ERIC Number: ED430360
Record Type: Non-Journal
Publication Date: 1999
Reference Count: N/A
Social Skills and Problem Behaviors as Contexual Variables in African American Education: Students with and without Disabilities.
Butler, Douglas M.
This paper discusses the outcomes of a study that examined social skills as a contextual factor of African American male students with and without behavior problems. Forty-four African American male students (grades 3-5) reported three placement designations: mainstreamed with learning disabilities, mainstreamed with emotional disturbances, or general education students. The study included 22 general education teachers, participants who were homeroom teachers for special education, and a general education student participant in the mainstream classroom. Data were gathered through examiner interviews of student participants and teacher ratings of a minimum of two student participants (one special education student and one general education student). Results found no significant difference in teacher ratings of typical students and students with emotional disturbances in either social skills or problem behaviors. While there were significant differences in teacher ratings of social skills of typical students versus students with learning disabilities, no significant differences were found on problem behaviors. Additionally, there were no significant relationships when comparing teacher versus student ratings of social skills across groups. (Contains 23 references.) (CR)
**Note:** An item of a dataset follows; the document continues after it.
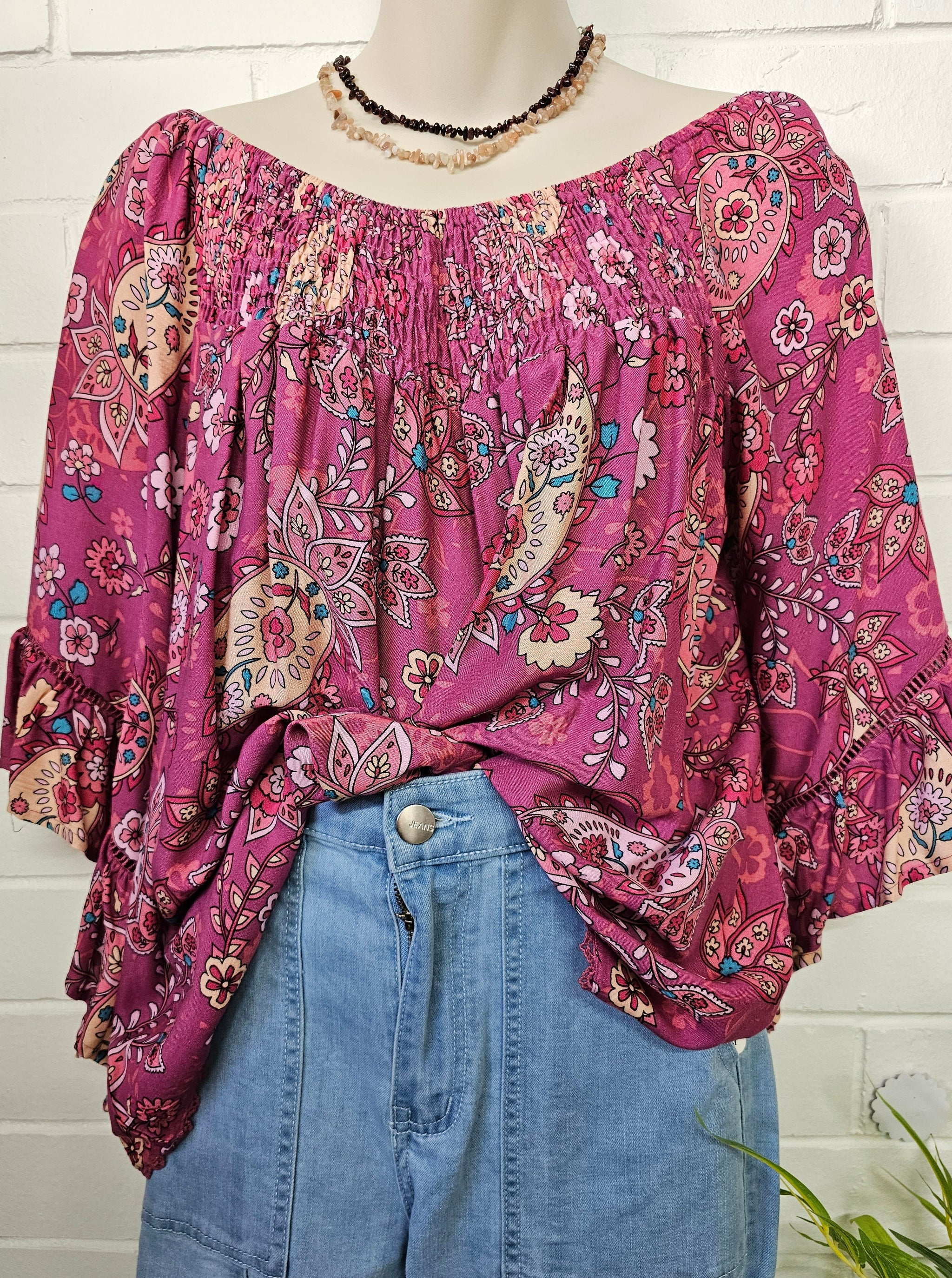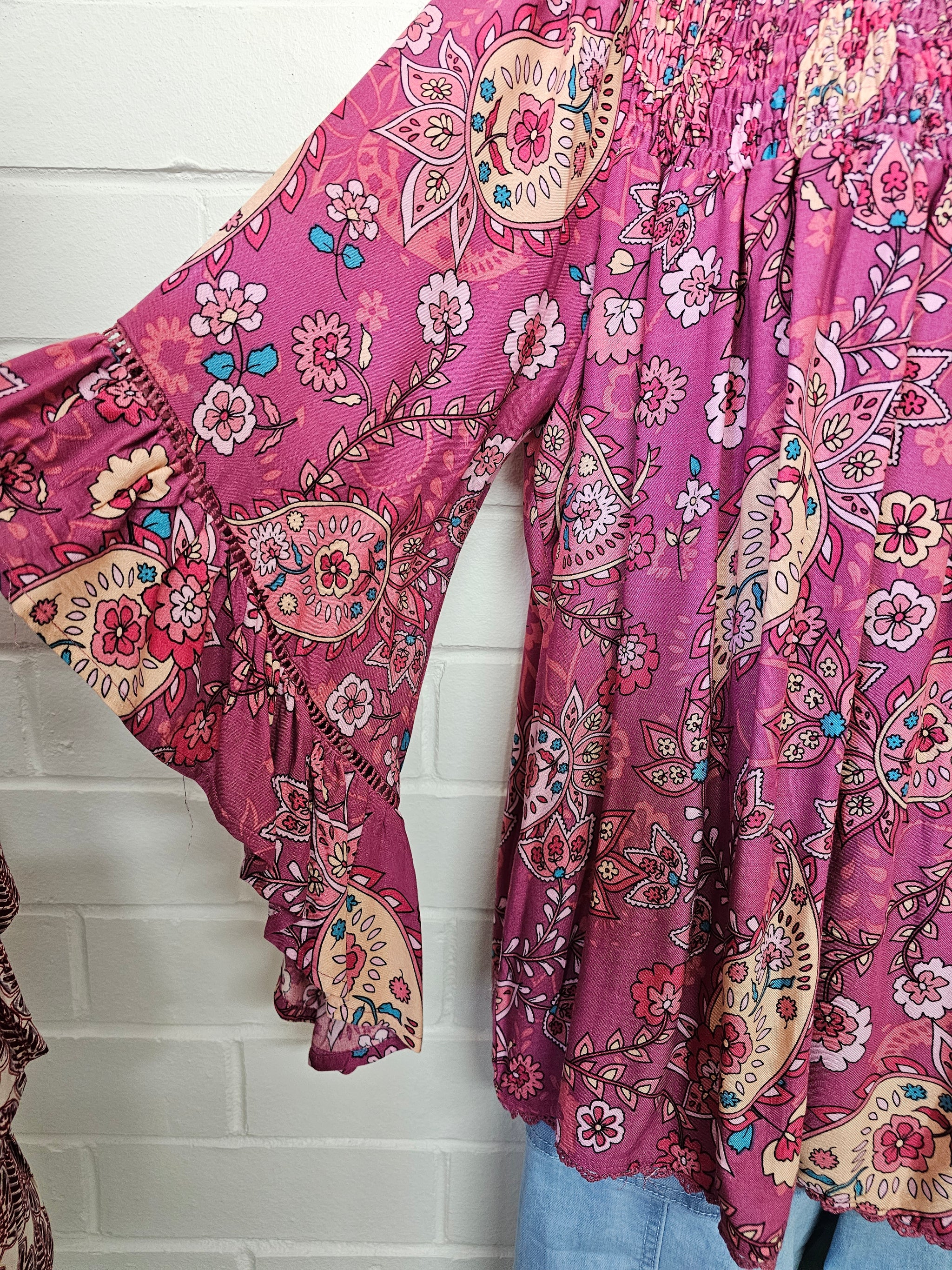 Experience effortless elegance with the Mitsy Shirred Detail Bodice Boho Long Sleeve Shirt. Crafted with...

Descriptors: Behavior Problems, Black Students, Elementary Education, Emotional Disturbances, Interpersonal Communication, Interpersonal Competence, Interviews, Learning Disabilities, Males, Minority Group Children, Social Development, Socialization, Teacher Attitudes, Teacher Expectations of Students
Publication Type: Reports - Research; Speeches/Meeting Papers
Education Level: N/A
Sponsor: Department of Education, Washington, DC.
Authoring Institution: Virginia Univ., Charlottesville.